Skip pictures in the listing below; copy exactly the lines from the one with "영월군민대상은 군민 화합과" through the one with "Grace Day Маска", inclusive.

▶ Record excerpts:
────────
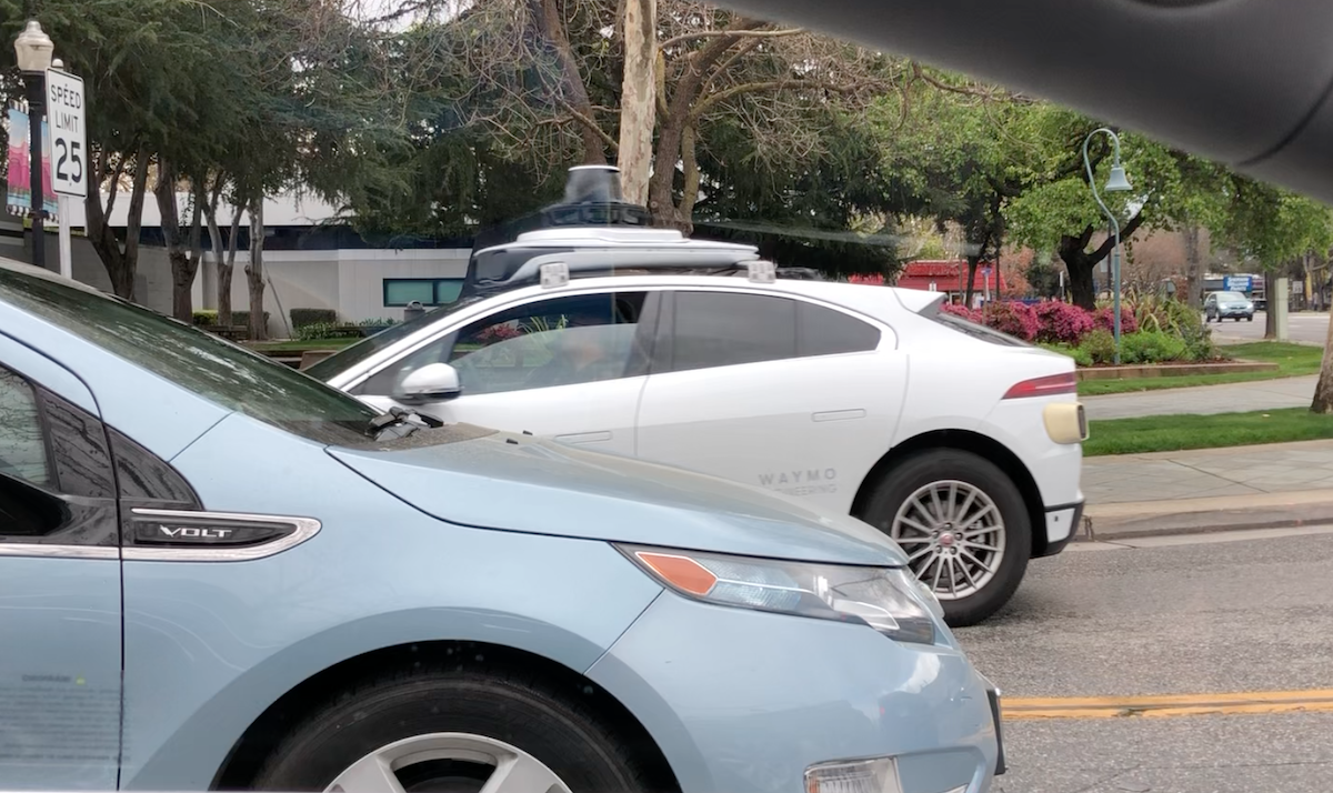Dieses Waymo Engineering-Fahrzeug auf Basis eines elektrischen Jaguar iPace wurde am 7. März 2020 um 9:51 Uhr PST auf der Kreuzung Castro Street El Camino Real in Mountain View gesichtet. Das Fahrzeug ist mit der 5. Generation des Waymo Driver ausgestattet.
────────
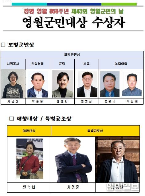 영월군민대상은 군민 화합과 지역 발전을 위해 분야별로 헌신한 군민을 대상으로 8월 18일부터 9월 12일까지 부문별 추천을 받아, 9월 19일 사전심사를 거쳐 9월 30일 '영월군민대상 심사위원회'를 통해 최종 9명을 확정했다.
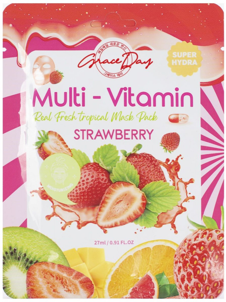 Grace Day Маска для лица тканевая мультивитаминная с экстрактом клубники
────────
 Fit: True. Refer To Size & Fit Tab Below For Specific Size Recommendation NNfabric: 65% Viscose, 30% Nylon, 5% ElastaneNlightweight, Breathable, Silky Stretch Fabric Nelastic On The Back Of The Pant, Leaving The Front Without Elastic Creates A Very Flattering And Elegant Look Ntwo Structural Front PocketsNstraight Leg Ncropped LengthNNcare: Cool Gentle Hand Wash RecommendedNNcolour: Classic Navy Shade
────────
▶ Exercise result:
 영월군민대상은 군민 화합과 지역 발전을 위해 분야별로 헌신한 군민을 대상으로 8월 18일부터 9월 12일까지 부문별 추천을 받아, 9월 19일 사전심사를 거쳐 9월 30일 '영월군민대상 심사위원회'를 통해 최종 9명을 확정했다.
 Grace Day Маска для лица тканевая мультивитаминная с экстрактом клубники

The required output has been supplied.